**RAW DATA:**
┄┄┄┄┄┄┄┄┄┄┄┄┄┄┄┄┄┄┄┄
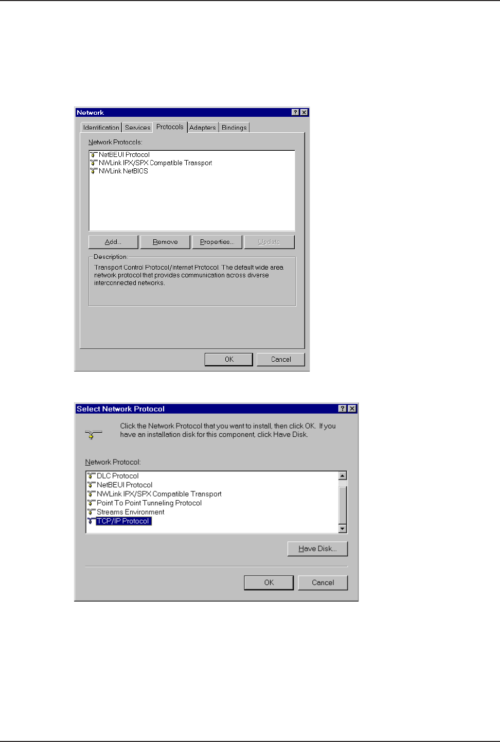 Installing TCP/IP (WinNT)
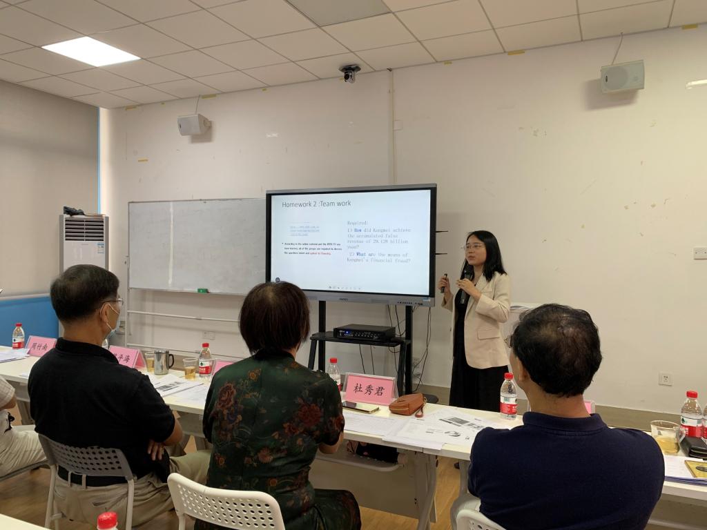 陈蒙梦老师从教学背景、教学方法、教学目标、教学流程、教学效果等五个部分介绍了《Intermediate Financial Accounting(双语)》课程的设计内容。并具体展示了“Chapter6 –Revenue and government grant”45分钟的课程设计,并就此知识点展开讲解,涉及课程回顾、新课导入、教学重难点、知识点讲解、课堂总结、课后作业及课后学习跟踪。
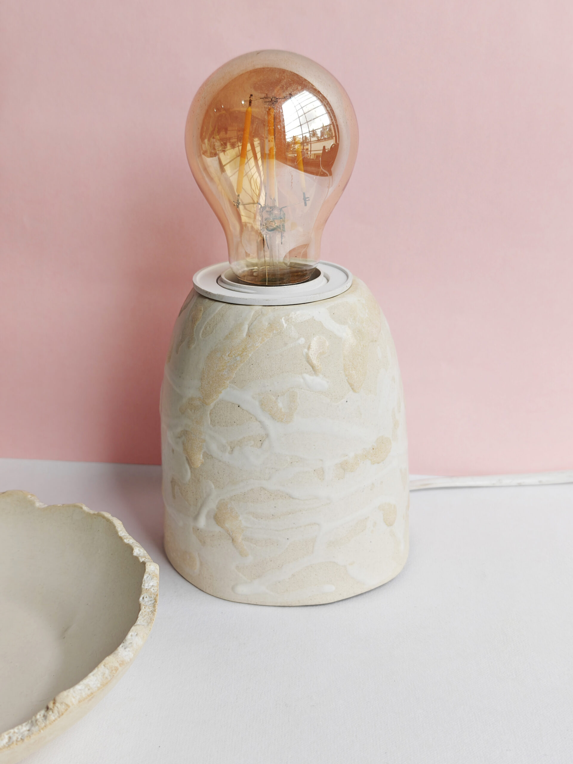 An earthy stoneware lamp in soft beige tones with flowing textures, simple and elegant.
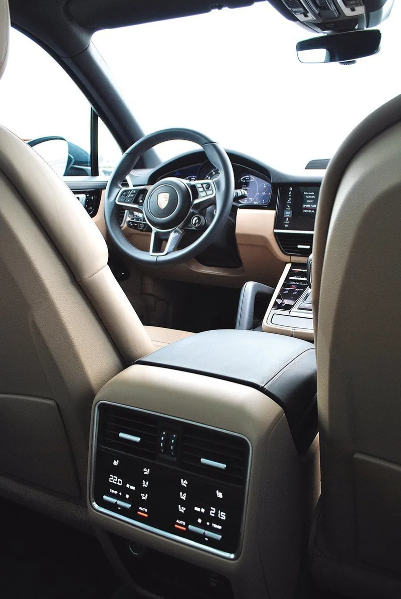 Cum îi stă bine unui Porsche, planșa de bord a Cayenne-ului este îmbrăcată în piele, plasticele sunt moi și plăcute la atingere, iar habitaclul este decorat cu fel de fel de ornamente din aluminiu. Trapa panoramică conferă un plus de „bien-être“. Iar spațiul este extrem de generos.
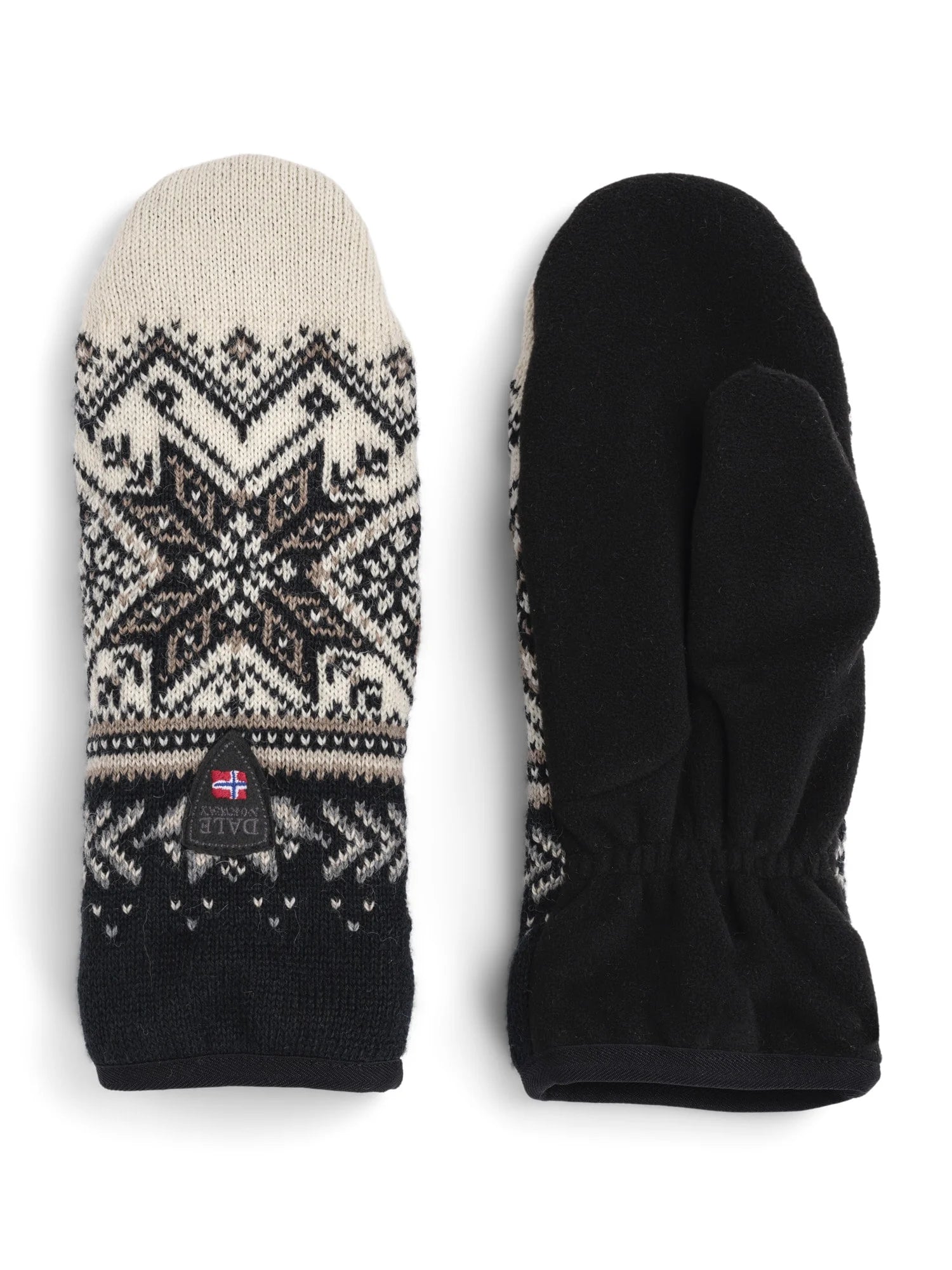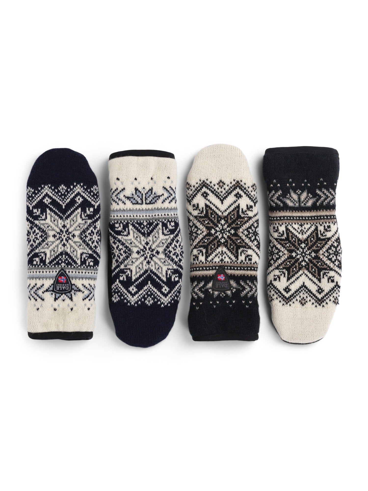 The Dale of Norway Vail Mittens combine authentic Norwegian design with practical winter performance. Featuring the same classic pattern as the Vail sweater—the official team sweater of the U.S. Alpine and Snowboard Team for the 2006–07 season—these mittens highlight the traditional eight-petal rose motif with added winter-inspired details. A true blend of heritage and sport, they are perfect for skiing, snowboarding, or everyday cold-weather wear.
┄┄┄┄┄┄┄┄┄┄┄┄┄┄┄┄┄┄┄┄
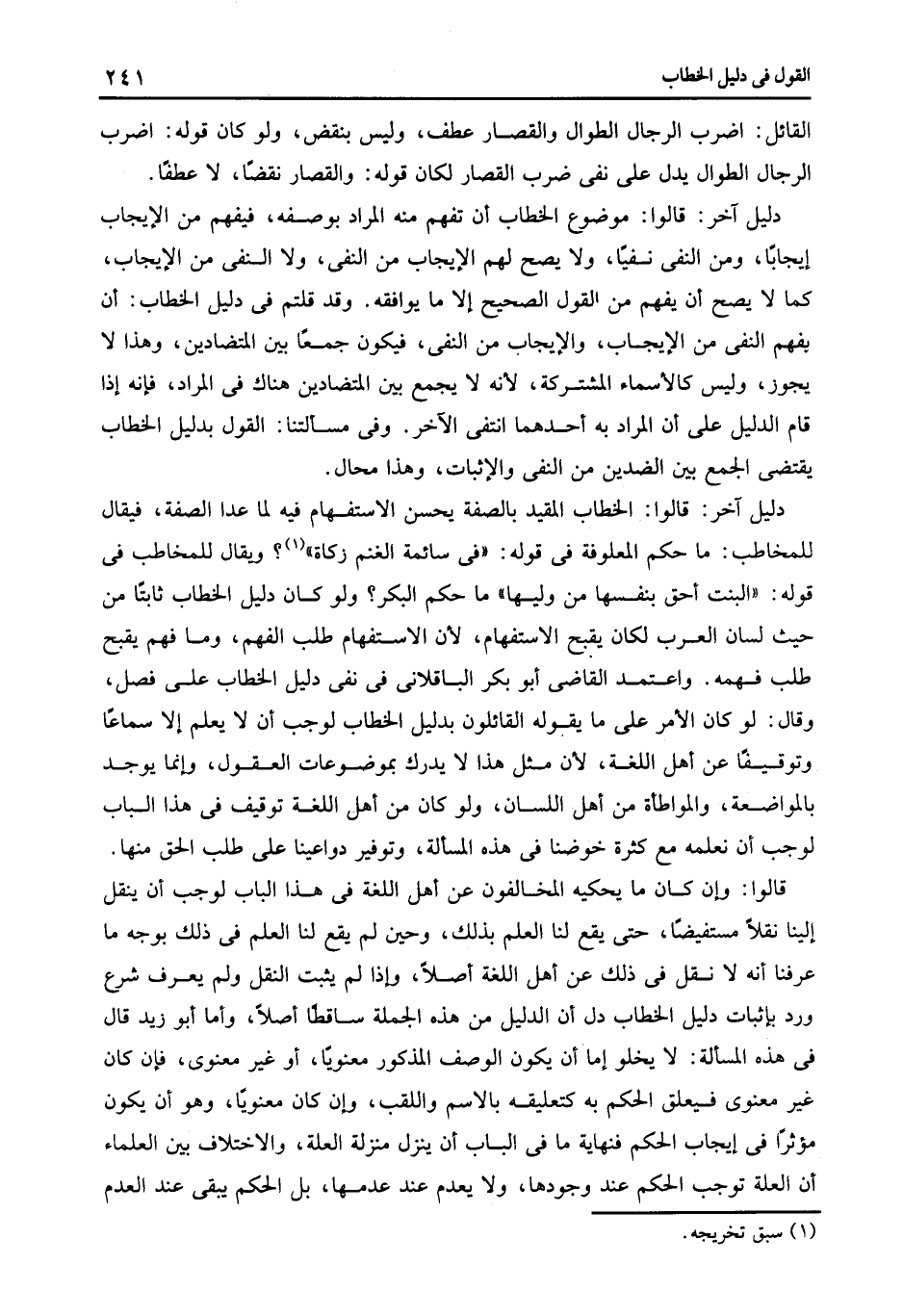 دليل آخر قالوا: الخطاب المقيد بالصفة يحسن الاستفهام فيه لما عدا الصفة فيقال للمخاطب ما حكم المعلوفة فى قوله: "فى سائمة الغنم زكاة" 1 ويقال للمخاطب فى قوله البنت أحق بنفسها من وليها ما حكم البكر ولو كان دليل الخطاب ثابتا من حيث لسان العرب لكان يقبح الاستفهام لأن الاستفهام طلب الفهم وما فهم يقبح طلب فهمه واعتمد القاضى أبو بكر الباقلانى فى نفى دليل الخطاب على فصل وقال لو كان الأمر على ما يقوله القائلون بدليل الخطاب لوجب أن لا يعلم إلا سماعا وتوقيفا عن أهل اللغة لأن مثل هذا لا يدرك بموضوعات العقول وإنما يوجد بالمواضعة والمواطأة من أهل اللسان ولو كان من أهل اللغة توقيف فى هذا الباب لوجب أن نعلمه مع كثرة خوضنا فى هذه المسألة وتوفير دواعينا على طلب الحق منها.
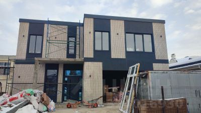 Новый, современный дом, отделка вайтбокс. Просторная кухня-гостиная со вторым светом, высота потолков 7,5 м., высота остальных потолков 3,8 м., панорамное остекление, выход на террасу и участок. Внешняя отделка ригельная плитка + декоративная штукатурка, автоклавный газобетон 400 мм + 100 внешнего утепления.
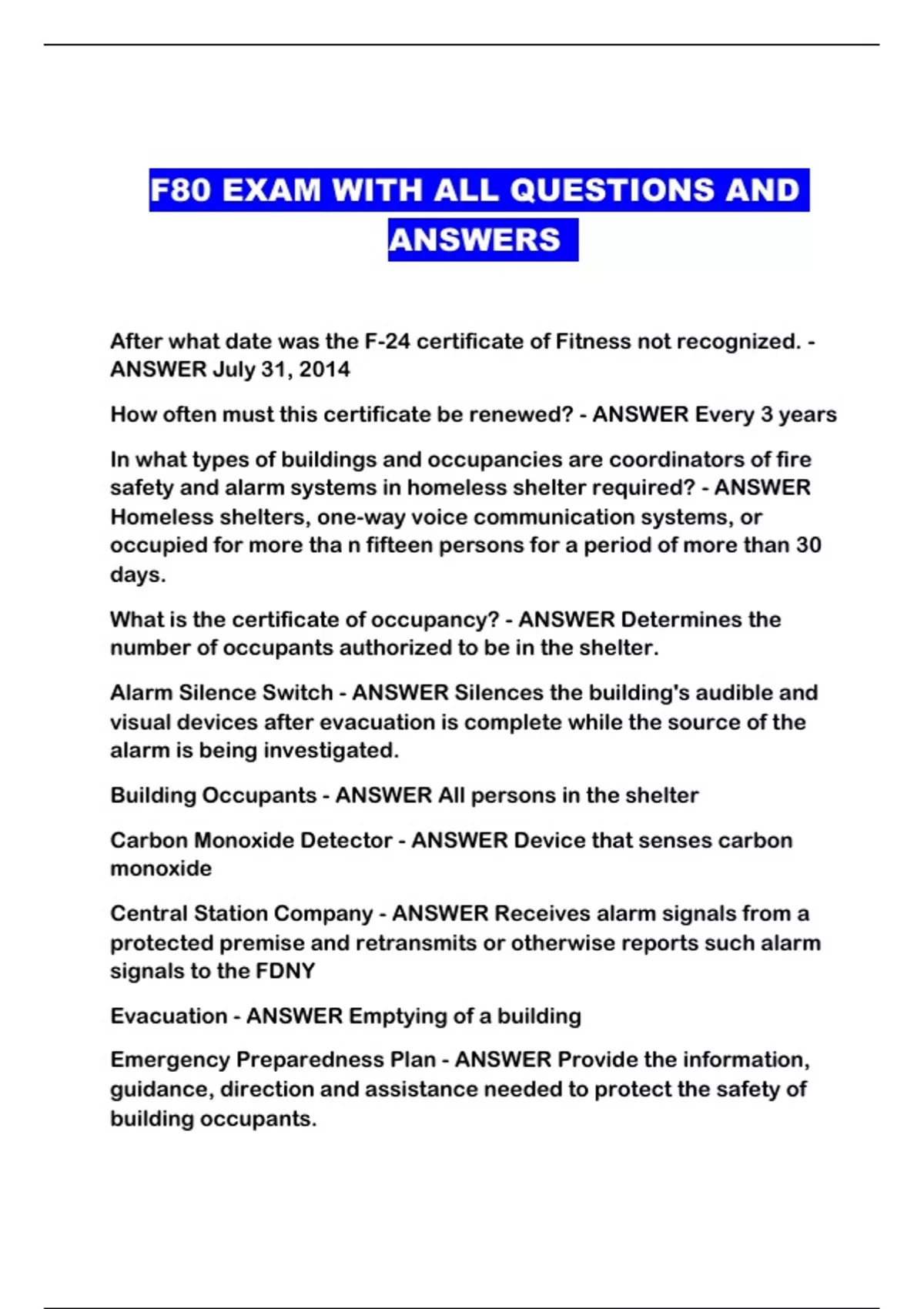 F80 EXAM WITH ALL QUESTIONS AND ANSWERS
┄┄┄┄┄┄┄┄┄┄┄┄┄┄┄┄┄┄┄┄
**WHAT THE EXERCISE ASKS:** From the records above, write out exactly the lines that begin at the line with "Installing TCP/IP (WinNT)" and end at the line with "Cum îi stă bine". Pictures must not appear in the output.

**SOLUTION BELOW:**
 Installing TCP/IP (WinNT)
 陈蒙梦老师从教学背景、教学方法、教学目标、教学流程、教学效果等五个部分介绍了《Intermediate Financial Accounting(双语)》课程的设计内容。并具体展示了“Chapter6 –Revenue and government grant”45分钟的课程设计,并就此知识点展开讲解,涉及课程回顾、新课导入、教学重难点、知识点讲解、课堂总结、课后作业及课后学习跟踪。
 An earthy stoneware lamp in soft beige tones with flowing textures, simple and elegant.
 Cum îi stă bine unui Porsche, planșa de bord a Cayenne-ului este îmbrăcată în piele, plasticele sunt moi și plăcute la atingere, iar habitaclul este decorat cu fel de fel de ornamente din aluminiu. Trapa panoramică conferă un plus de „bien-être“. Iar spațiul este extrem de generos.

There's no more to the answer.